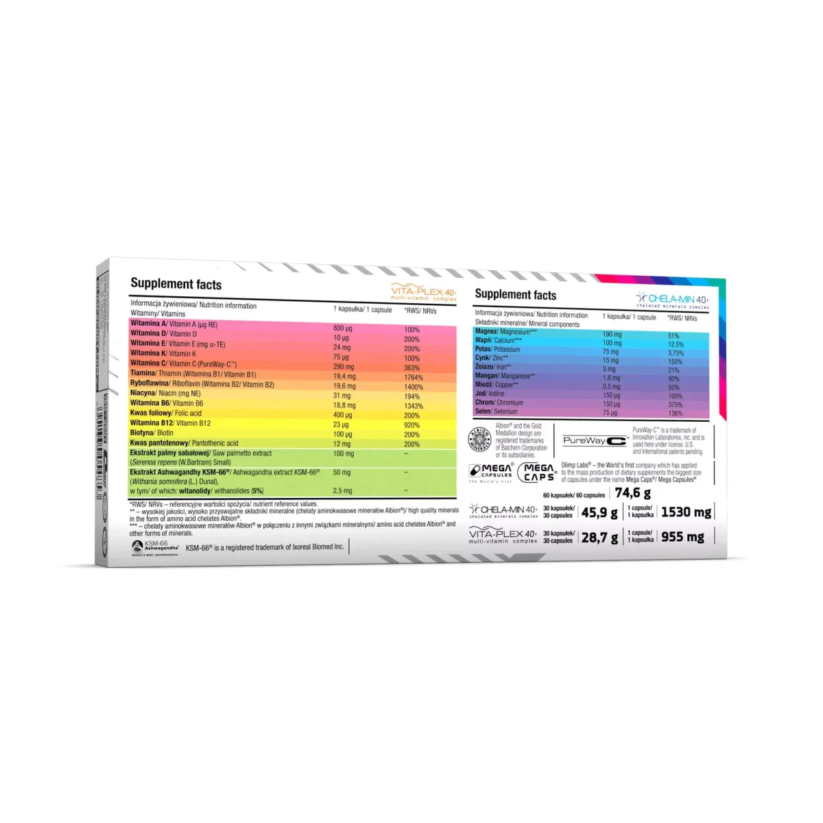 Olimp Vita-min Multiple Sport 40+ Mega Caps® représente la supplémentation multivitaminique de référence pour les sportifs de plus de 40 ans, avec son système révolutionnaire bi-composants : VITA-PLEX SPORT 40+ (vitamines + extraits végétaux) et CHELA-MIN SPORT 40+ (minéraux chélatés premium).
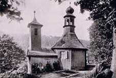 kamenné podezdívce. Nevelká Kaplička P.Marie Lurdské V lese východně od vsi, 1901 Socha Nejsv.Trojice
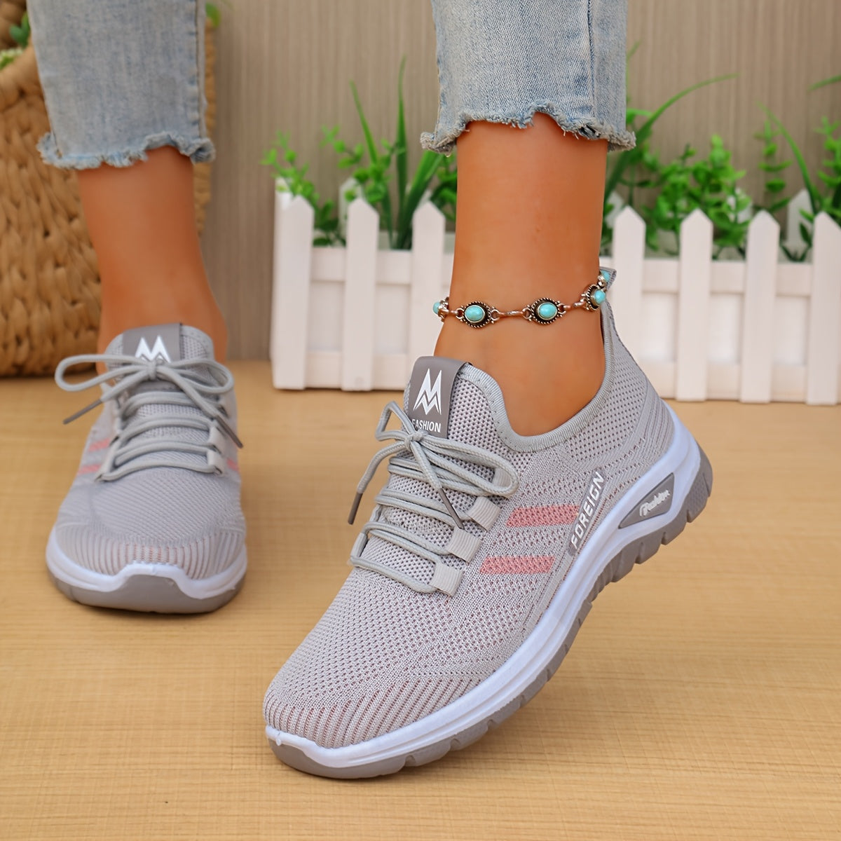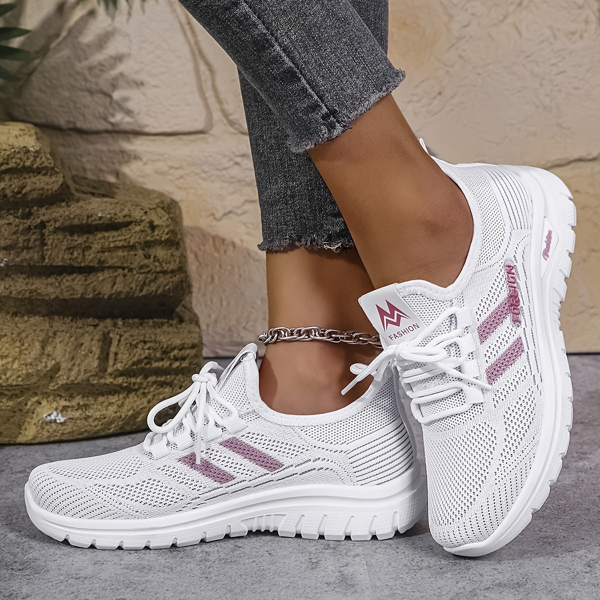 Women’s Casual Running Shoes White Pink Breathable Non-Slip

—————

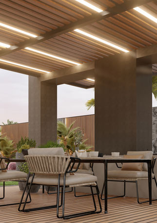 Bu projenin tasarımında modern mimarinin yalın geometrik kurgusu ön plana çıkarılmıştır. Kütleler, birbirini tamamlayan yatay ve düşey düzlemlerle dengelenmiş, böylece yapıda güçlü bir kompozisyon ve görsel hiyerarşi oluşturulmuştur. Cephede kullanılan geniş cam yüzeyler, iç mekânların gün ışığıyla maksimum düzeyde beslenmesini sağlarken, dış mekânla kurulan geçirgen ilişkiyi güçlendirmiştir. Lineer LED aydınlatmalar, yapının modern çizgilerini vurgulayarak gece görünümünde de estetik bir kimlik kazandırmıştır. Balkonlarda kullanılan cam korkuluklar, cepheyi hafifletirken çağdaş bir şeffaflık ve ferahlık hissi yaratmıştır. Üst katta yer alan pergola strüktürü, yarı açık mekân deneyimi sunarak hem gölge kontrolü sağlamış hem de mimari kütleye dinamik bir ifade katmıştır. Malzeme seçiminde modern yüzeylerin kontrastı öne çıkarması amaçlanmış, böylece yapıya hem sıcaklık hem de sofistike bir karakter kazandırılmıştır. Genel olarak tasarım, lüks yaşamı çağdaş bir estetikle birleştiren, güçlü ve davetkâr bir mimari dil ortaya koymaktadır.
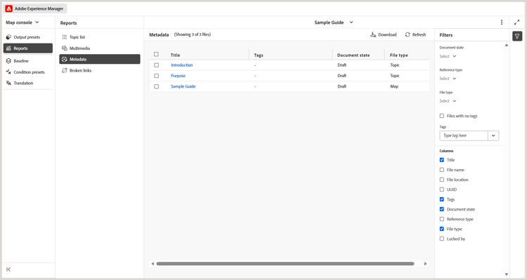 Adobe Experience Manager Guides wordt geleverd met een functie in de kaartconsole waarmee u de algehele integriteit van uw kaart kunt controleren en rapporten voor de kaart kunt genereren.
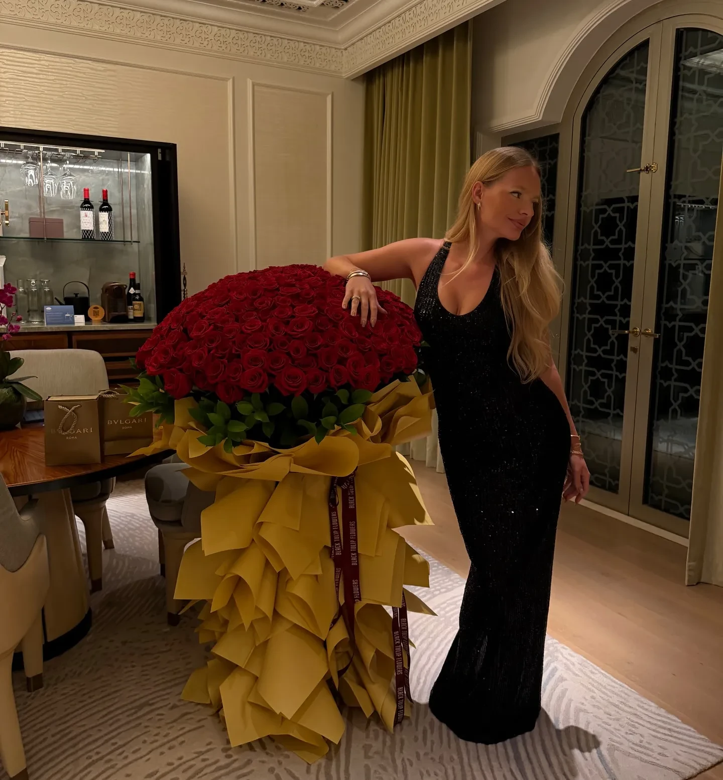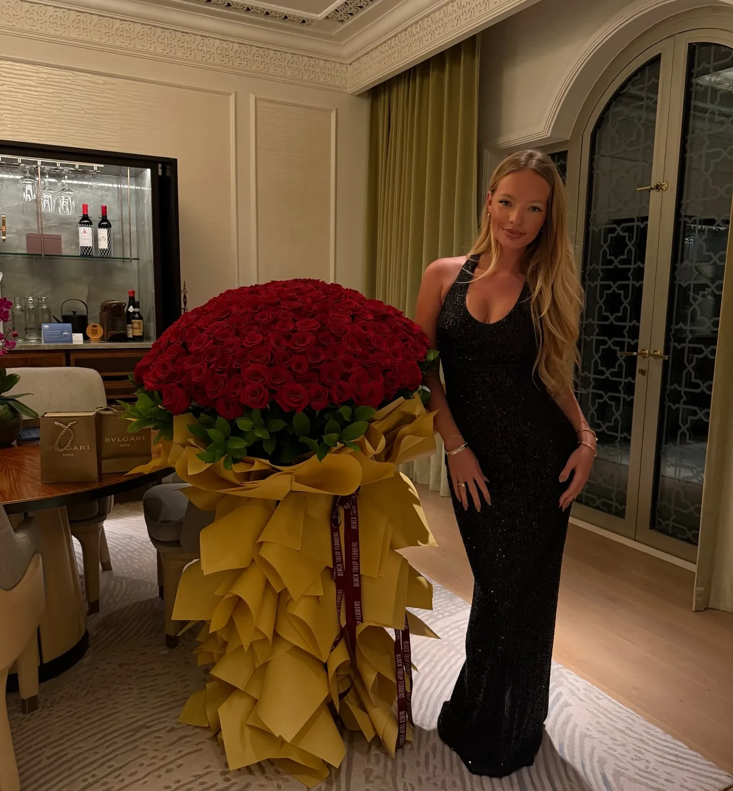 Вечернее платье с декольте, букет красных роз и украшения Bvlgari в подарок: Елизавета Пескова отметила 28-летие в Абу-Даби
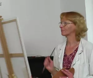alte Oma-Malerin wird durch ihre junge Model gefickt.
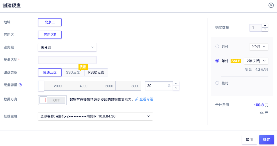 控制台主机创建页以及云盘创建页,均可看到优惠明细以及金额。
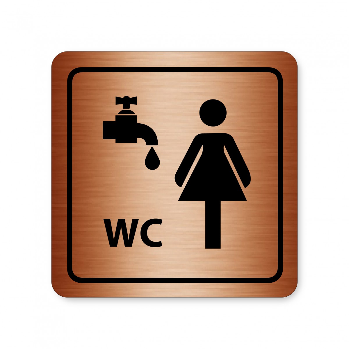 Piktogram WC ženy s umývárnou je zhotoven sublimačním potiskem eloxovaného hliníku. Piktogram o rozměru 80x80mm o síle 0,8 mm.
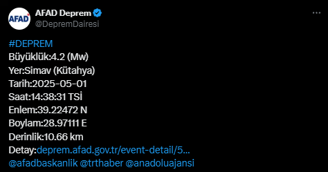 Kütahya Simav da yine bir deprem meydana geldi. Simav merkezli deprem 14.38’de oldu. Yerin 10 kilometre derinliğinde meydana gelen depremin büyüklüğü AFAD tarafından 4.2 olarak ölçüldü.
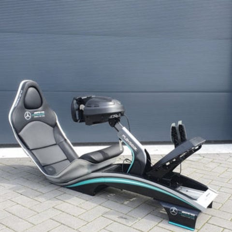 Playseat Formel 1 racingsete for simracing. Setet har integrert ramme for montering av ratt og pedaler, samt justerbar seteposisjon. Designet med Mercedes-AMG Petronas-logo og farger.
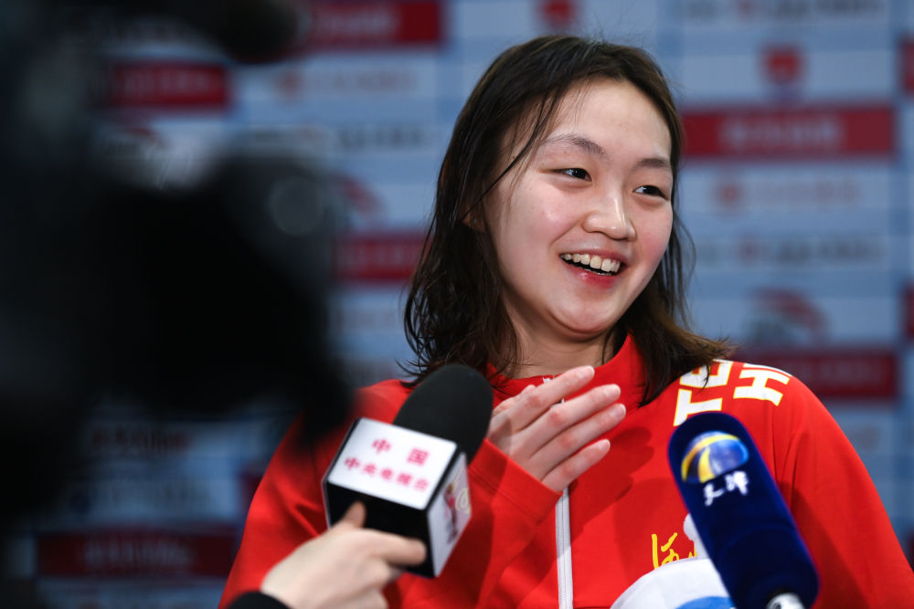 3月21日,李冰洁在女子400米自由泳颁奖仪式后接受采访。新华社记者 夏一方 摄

—————

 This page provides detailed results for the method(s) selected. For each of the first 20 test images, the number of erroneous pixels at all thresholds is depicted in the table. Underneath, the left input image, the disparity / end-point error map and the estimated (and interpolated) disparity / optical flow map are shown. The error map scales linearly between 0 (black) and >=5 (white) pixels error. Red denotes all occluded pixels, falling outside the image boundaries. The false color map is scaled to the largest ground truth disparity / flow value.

—————

> **Exercise objective**
Return the lines above from the one with "Olimp Vita-min Multiple" through the one with "Women’s Casual Running", verbatim and nothing else. Omit every picture.

> **Result below**
 Olimp Vita-min Multiple Sport 40+ Mega Caps® représente la supplémentation multivitaminique de référence pour les sportifs de plus de 40 ans, avec son système révolutionnaire bi-composants : VITA-PLEX SPORT 40+ (vitamines + extraits végétaux) et CHELA-MIN SPORT 40+ (minéraux chélatés premium).
 kamenné podezdívce. Nevelká Kaplička P.Marie Lurdské V lese východně od vsi, 1901 Socha Nejsv.Trojice
 Women’s Casual Running Shoes White Pink Breathable Non-Slip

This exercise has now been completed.